_INSTRUCTIONS TO FOLLOW_:
Nothing but the lines from the one containing "Mikinový set pozostávajúci" to the end of the data should be copied, exactly, and the pictures stay out.

_MATERIAL TO PROCESS_:
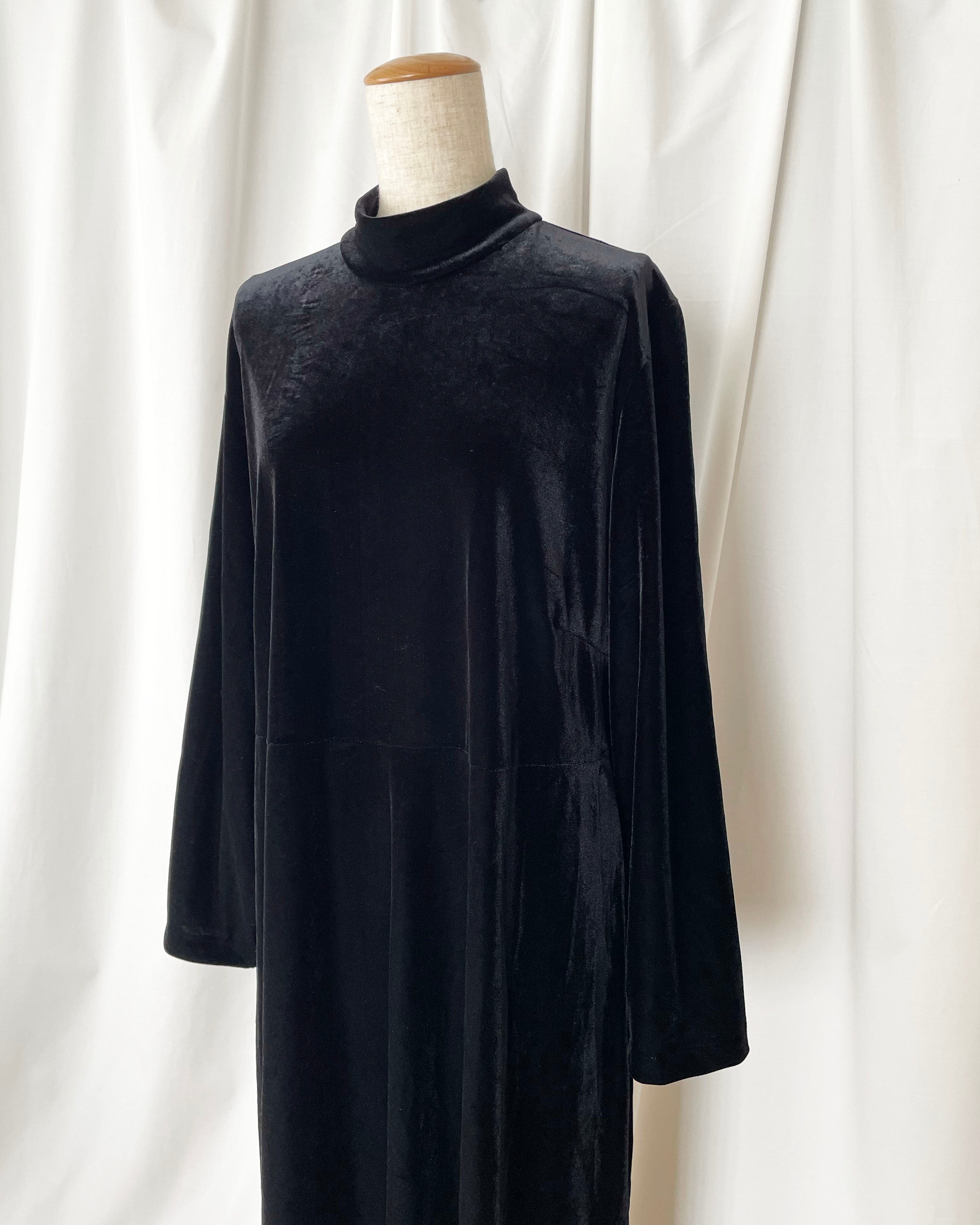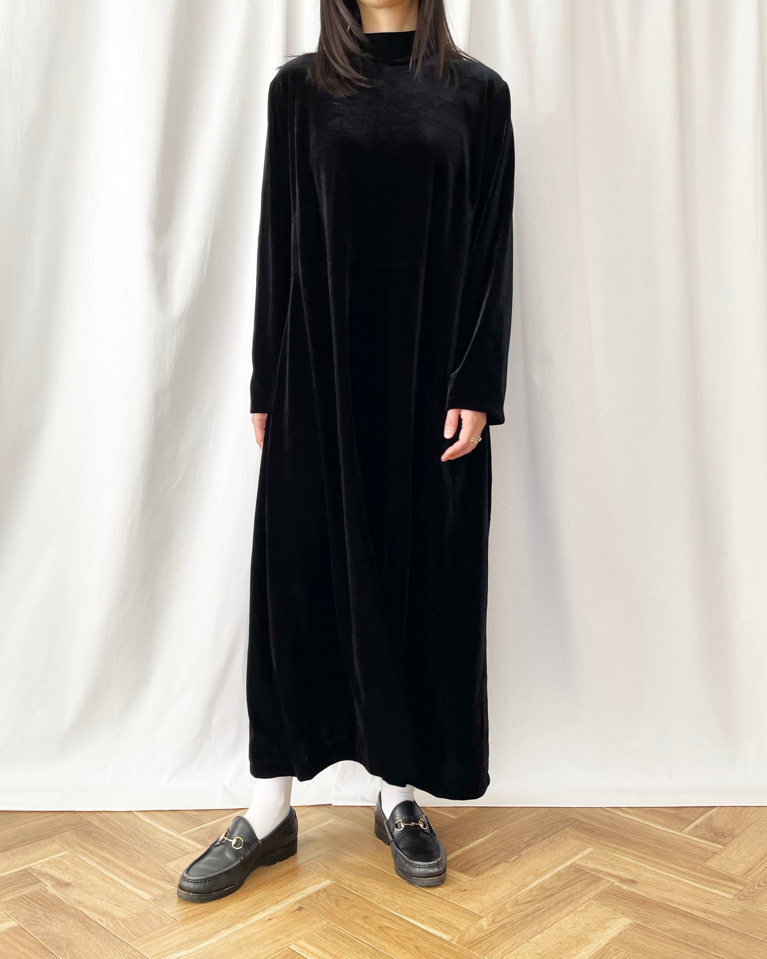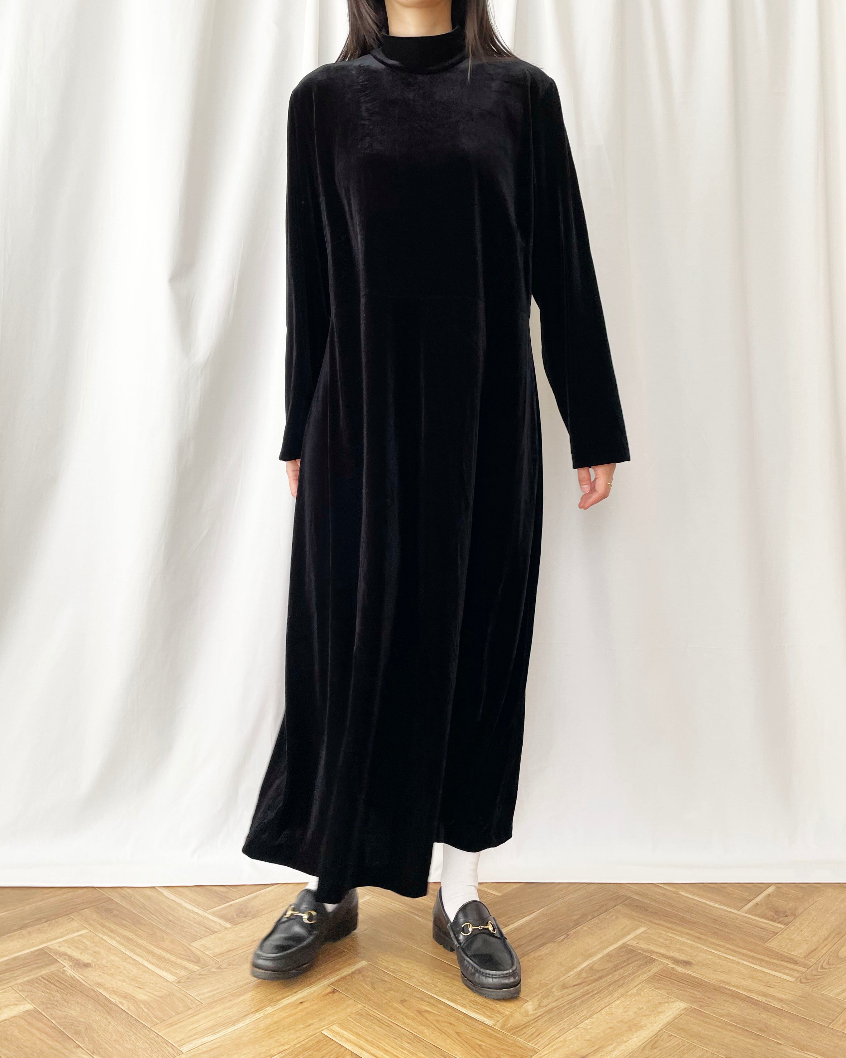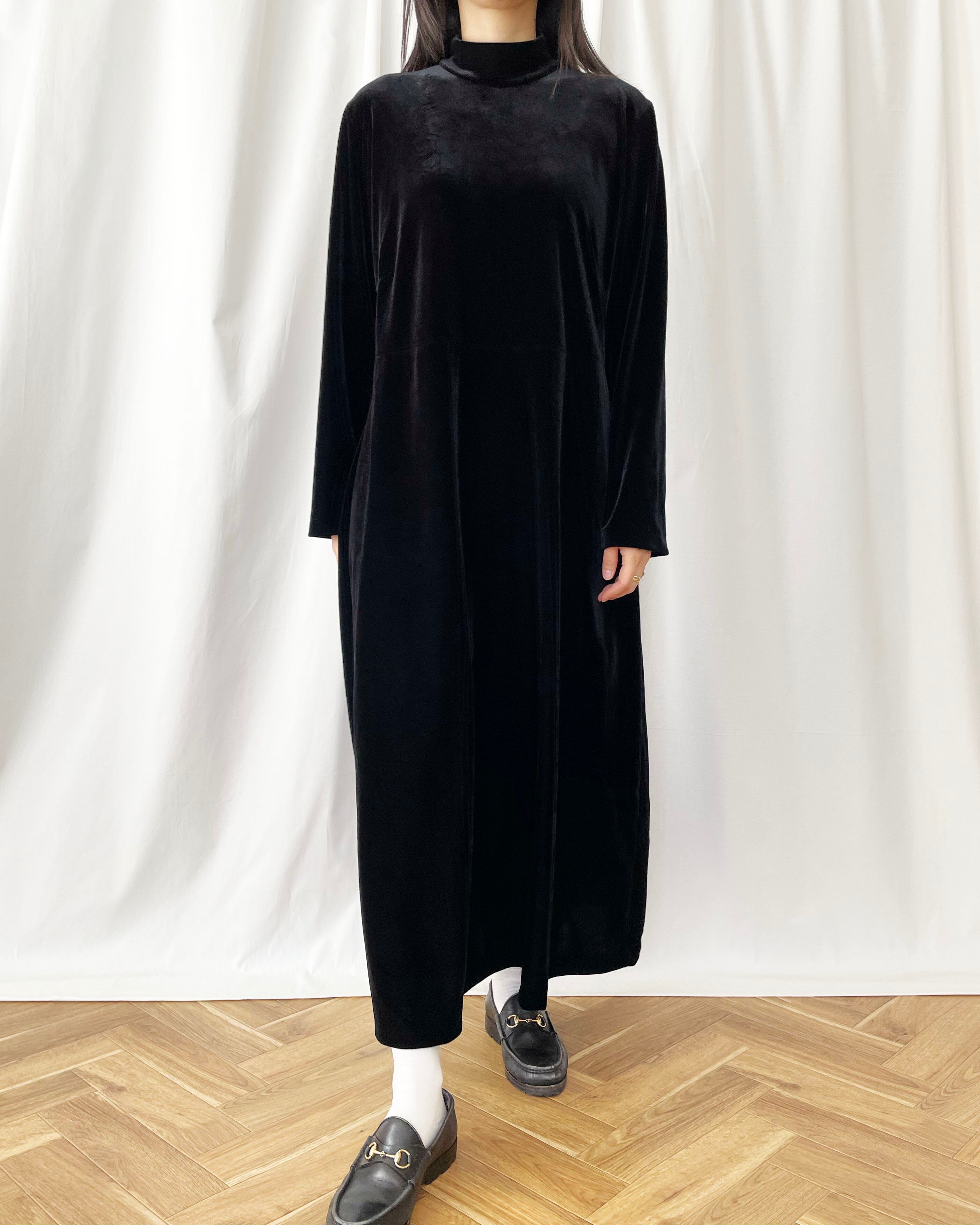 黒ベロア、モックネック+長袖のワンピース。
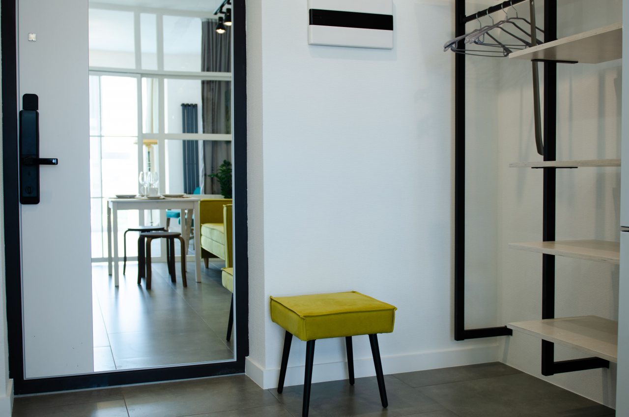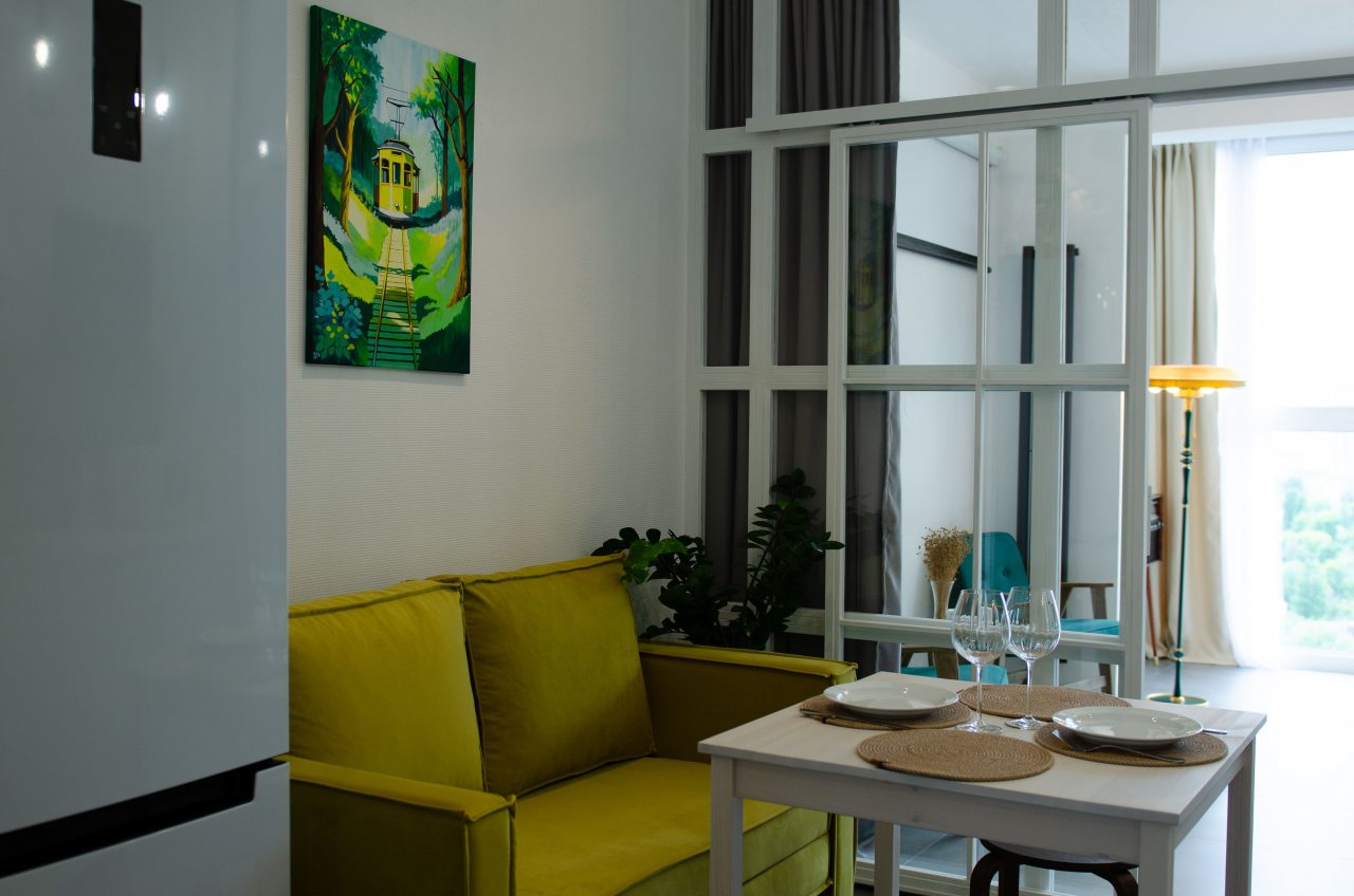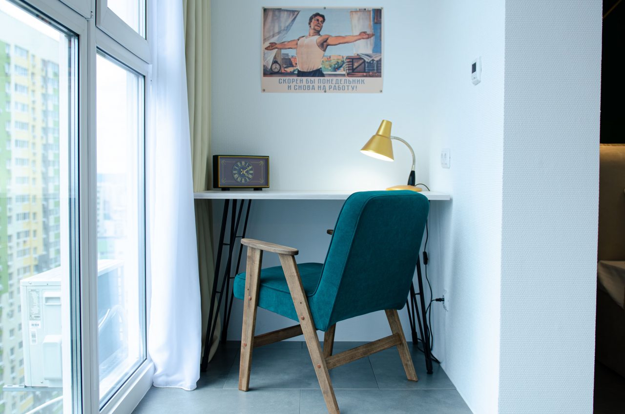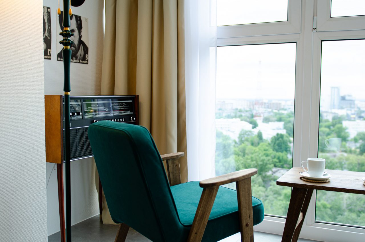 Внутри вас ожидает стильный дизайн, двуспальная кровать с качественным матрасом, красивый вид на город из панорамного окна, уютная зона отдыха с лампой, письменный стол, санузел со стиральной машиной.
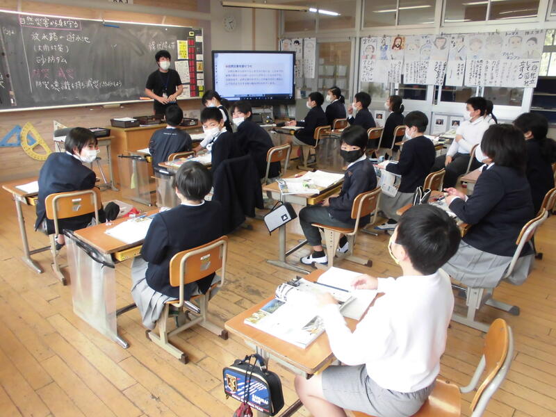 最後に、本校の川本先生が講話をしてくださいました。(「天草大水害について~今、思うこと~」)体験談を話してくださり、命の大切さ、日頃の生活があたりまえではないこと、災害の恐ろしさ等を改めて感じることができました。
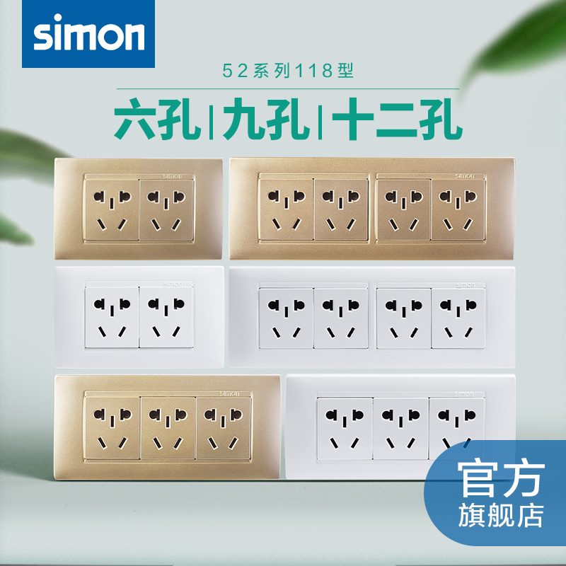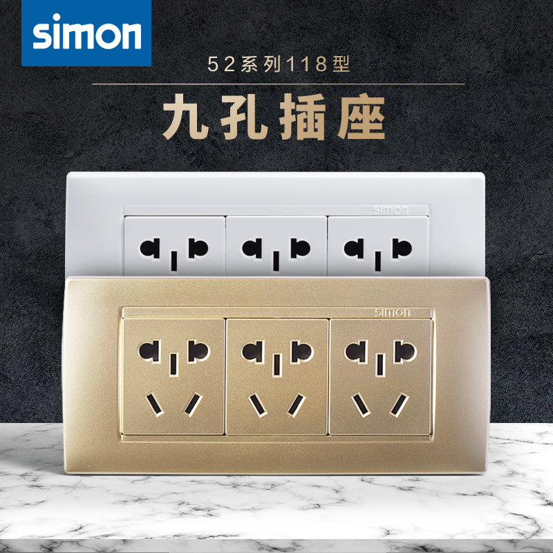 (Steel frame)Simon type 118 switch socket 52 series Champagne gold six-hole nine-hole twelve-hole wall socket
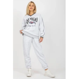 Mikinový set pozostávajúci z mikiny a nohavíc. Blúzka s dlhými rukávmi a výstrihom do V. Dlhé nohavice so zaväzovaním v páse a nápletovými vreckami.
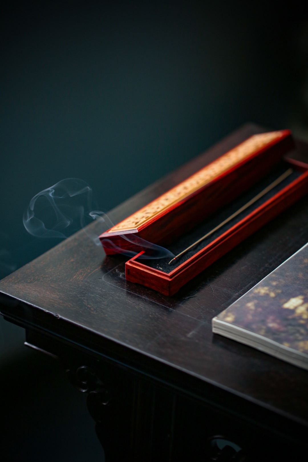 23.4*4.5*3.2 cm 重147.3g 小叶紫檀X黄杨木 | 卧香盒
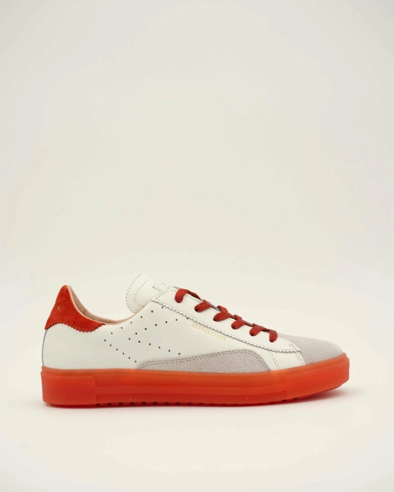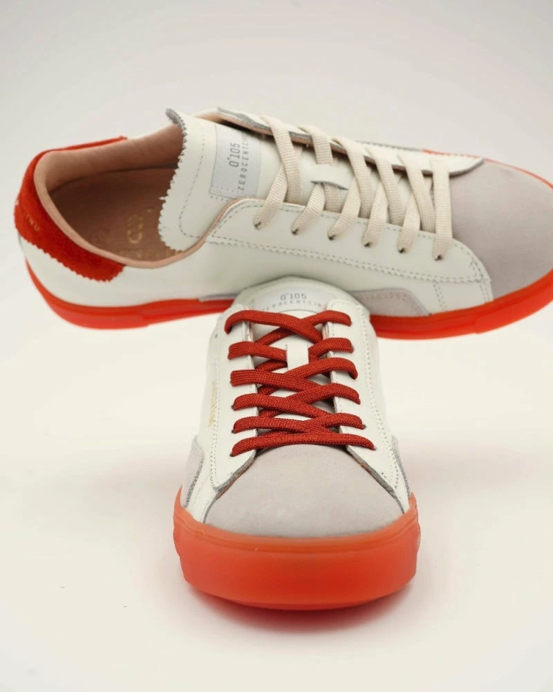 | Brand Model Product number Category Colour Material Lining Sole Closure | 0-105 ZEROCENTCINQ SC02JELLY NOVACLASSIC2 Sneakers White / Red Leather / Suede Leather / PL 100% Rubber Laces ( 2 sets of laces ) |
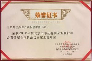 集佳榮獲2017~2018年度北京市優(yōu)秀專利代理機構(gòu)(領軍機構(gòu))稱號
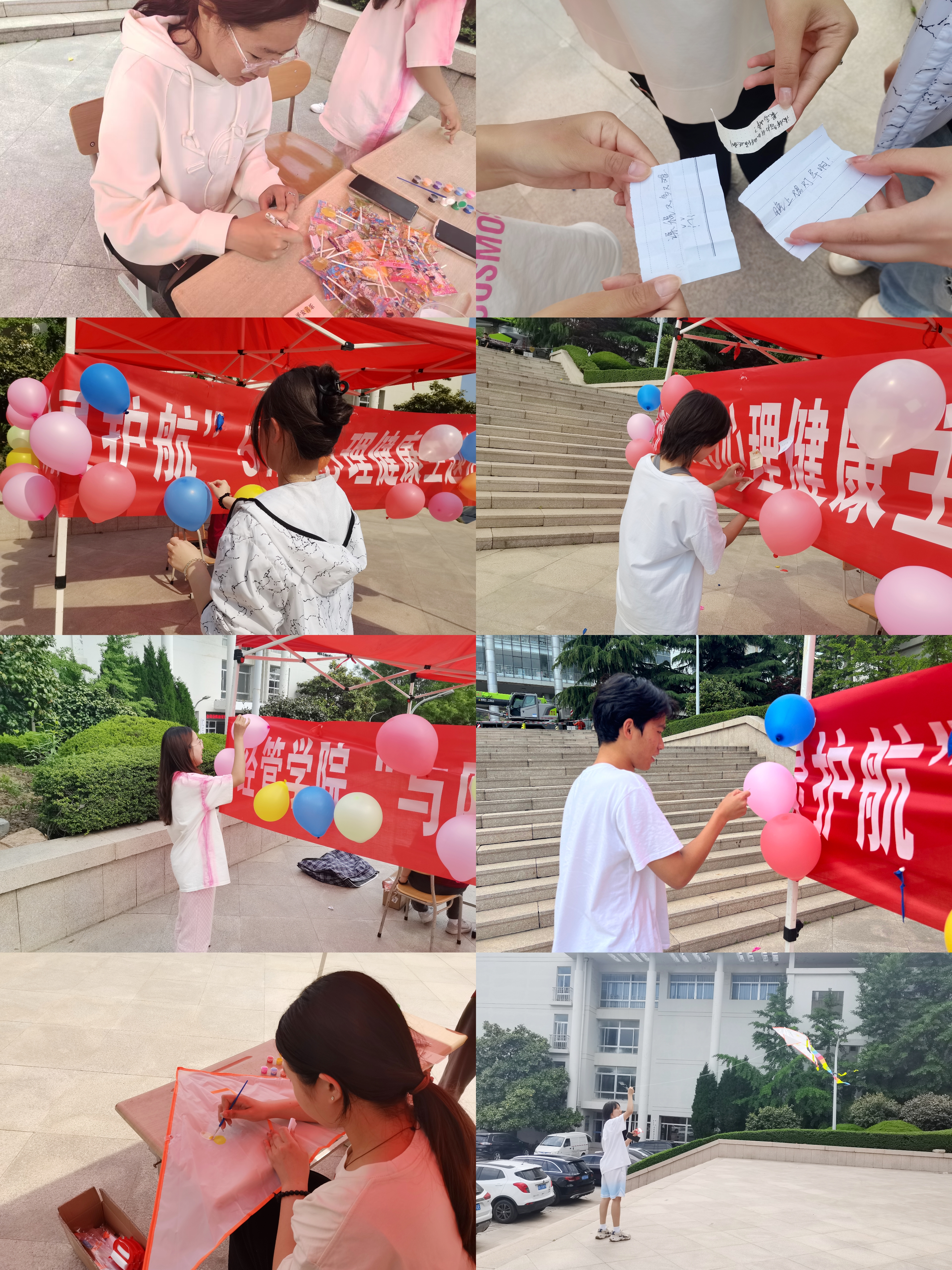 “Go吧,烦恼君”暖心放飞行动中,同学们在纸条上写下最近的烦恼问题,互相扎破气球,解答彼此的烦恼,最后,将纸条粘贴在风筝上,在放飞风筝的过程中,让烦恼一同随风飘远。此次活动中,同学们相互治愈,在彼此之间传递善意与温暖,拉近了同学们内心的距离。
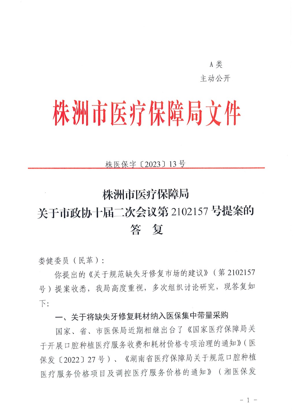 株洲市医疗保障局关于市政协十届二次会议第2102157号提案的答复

_PROBLEM SOLUTION_:
 Mikinový set pozostávajúci z mikiny a nohavíc. Blúzka s dlhými rukávmi a výstrihom do V. Dlhé nohavice so zaväzovaním v páse a nápletovými vreckami.
 23.4*4.5*3.2 cm 重147.3g 小叶紫檀X黄杨木 | 卧香盒
 | Brand Model Product number Category Colour Material Lining Sole Closure | 0-105 ZEROCENTCINQ SC02JELLY NOVACLASSIC2 Sneakers White / Red Leather / Suede Leather / PL 100% Rubber Laces ( 2 sets of laces ) |
 集佳榮獲2017~2018年度北京市優(yōu)秀專利代理機構(gòu)(領軍機構(gòu))稱號
 “Go吧,烦恼君”暖心放飞行动中,同学们在纸条上写下最近的烦恼问题,互相扎破气球,解答彼此的烦恼,最后,将纸条粘贴在风筝上,在放飞风筝的过程中,让烦恼一同随风飘远。此次活动中,同学们相互治愈,在彼此之间传递善意与温暖,拉近了同学们内心的距离。
 株洲市医疗保障局关于市政协十届二次会议第2102157号提案的答复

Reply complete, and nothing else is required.